• _What is being asked_: Without altering a word, return the records below, but exclude the pictures.

[Saved entries]
------
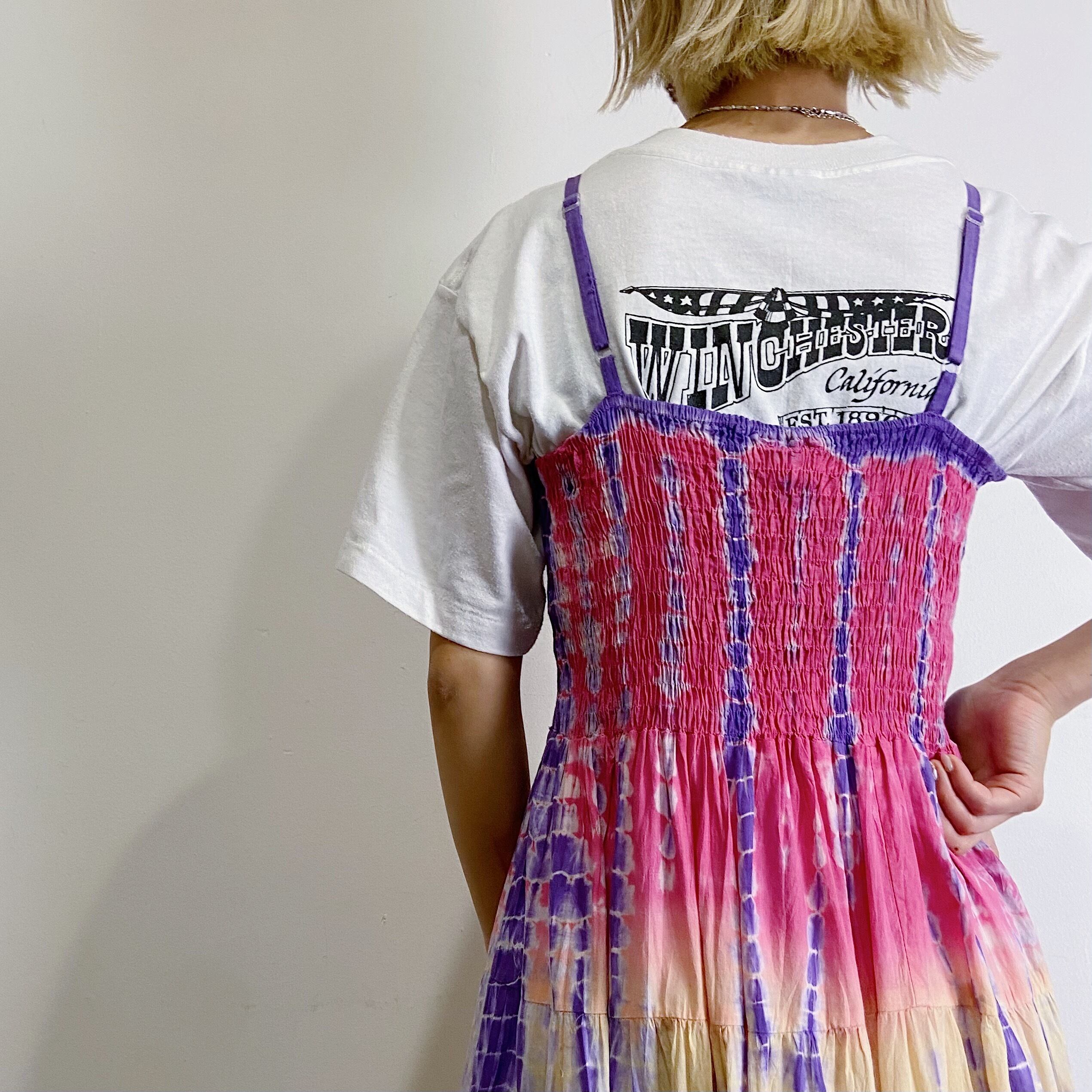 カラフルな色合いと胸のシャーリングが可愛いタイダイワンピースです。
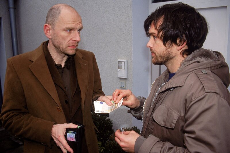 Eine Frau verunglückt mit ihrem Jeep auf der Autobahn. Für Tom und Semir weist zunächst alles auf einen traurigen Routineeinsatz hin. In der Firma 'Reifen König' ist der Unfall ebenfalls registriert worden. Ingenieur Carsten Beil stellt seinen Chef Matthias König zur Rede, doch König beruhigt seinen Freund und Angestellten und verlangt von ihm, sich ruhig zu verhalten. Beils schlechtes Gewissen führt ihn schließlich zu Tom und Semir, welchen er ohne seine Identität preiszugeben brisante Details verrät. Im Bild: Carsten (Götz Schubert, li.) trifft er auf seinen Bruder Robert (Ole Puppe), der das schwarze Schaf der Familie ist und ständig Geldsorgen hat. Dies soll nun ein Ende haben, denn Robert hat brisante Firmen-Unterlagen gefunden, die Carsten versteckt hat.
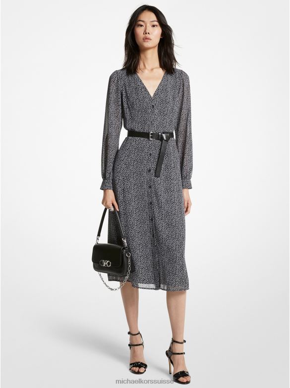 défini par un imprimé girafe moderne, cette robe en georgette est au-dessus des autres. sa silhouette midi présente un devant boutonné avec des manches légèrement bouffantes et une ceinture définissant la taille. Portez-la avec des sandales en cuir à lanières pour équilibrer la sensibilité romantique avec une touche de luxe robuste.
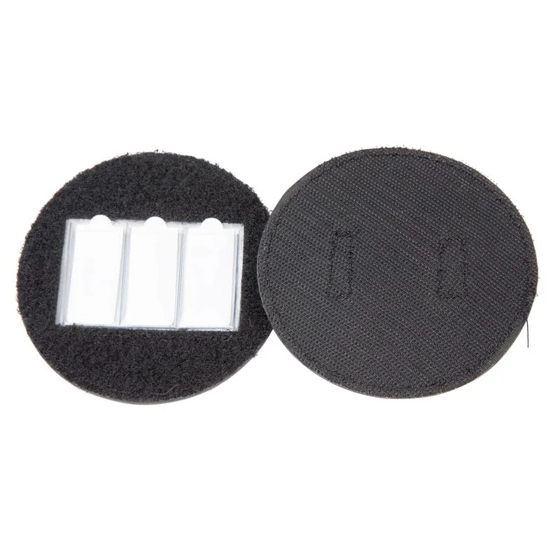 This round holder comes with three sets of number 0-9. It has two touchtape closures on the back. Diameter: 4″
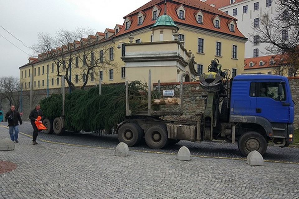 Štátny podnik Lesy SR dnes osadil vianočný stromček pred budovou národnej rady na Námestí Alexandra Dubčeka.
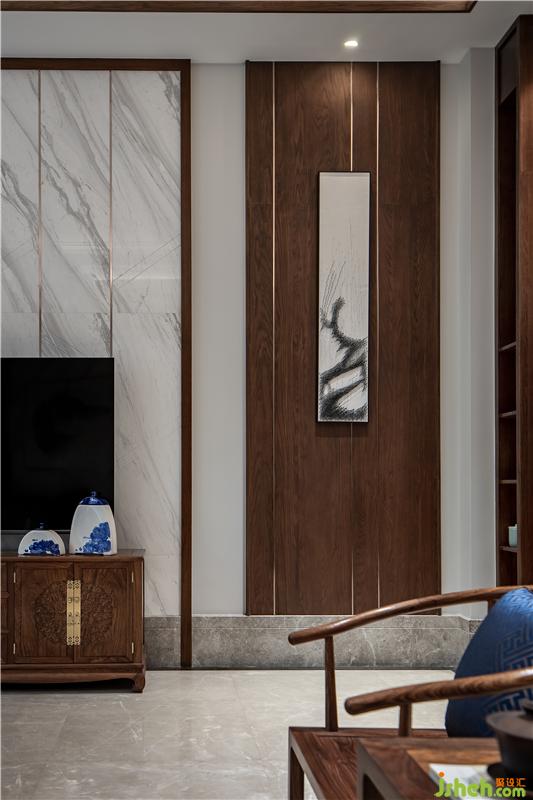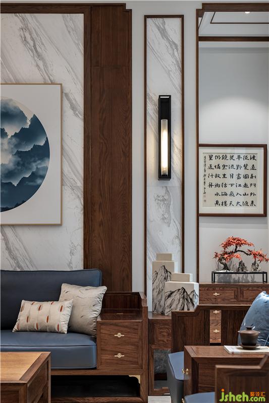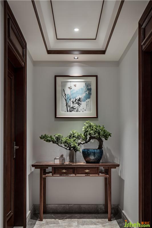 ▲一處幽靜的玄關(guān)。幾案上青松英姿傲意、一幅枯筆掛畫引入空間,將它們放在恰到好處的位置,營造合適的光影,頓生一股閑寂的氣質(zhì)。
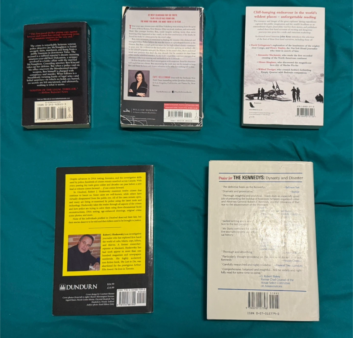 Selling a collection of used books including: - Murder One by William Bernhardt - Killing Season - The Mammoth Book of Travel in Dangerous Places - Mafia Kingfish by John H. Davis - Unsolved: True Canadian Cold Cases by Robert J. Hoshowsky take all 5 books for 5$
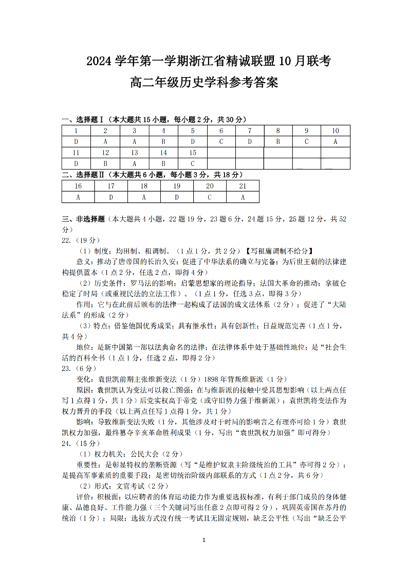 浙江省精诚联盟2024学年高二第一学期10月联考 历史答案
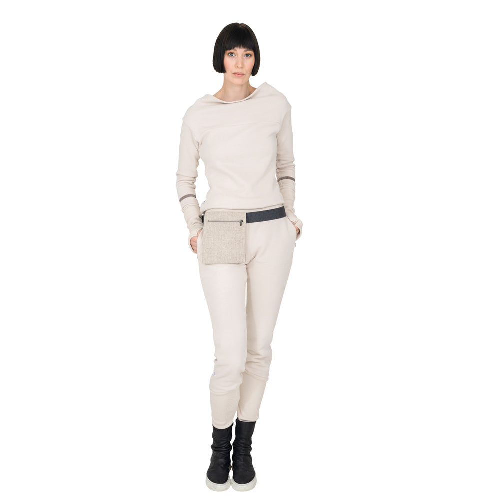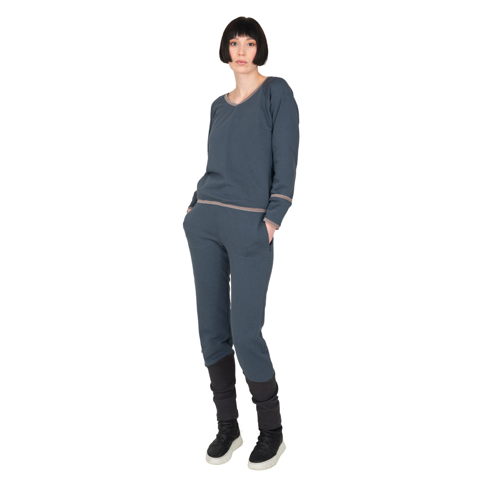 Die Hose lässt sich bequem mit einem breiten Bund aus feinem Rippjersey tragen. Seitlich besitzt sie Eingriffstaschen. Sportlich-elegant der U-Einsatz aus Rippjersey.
------
• _Completed exercise_:
 カラフルな色合いと胸のシャーリングが可愛いタイダイワンピースです。
 Eine Frau verunglückt mit ihrem Jeep auf der Autobahn. Für Tom und Semir weist zunächst alles auf einen traurigen Routineeinsatz hin. In der Firma 'Reifen König' ist der Unfall ebenfalls registriert worden. Ingenieur Carsten Beil stellt seinen Chef Matthias König zur Rede, doch König beruhigt seinen Freund und Angestellten und verlangt von ihm, sich ruhig zu verhalten. Beils schlechtes Gewissen führt ihn schließlich zu Tom und Semir, welchen er ohne seine Identität preiszugeben brisante Details verrät. Im Bild: Carsten (Götz Schubert, li.) trifft er auf seinen Bruder Robert (Ole Puppe), der das schwarze Schaf der Familie ist und ständig Geldsorgen hat. Dies soll nun ein Ende haben, denn Robert hat brisante Firmen-Unterlagen gefunden, die Carsten versteckt hat.
 défini par un imprimé girafe moderne, cette robe en georgette est au-dessus des autres. sa silhouette midi présente un devant boutonné avec des manches légèrement bouffantes et une ceinture définissant la taille. Portez-la avec des sandales en cuir à lanières pour équilibrer la sensibilité romantique avec une touche de luxe robuste.
 This round holder comes with three sets of number 0-9. It has two touchtape closures on the back. Diameter: 4″
 Štátny podnik Lesy SR dnes osadil vianočný stromček pred budovou národnej rady na Námestí Alexandra Dubčeka.
 ▲一處幽靜的玄關(guān)。幾案上青松英姿傲意、一幅枯筆掛畫引入空間,將它們放在恰到好處的位置,營造合適的光影,頓生一股閑寂的氣質(zhì)。
 Selling a collection of used books including: - Murder One by William Bernhardt - Killing Season - The Mammoth Book of Travel in Dangerous Places - Mafia Kingfish by John H. Davis - Unsolved: True Canadian Cold Cases by Robert J. Hoshowsky take all 5 books for 5$
 浙江省精诚联盟2024学年高二第一学期10月联考 历史答案
 Die Hose lässt sich bequem mit einem breiten Bund aus feinem Rippjersey tragen. Seitlich besitzt sie Eingriffstaschen. Sportlich-elegant der U-Einsatz aus Rippjersey.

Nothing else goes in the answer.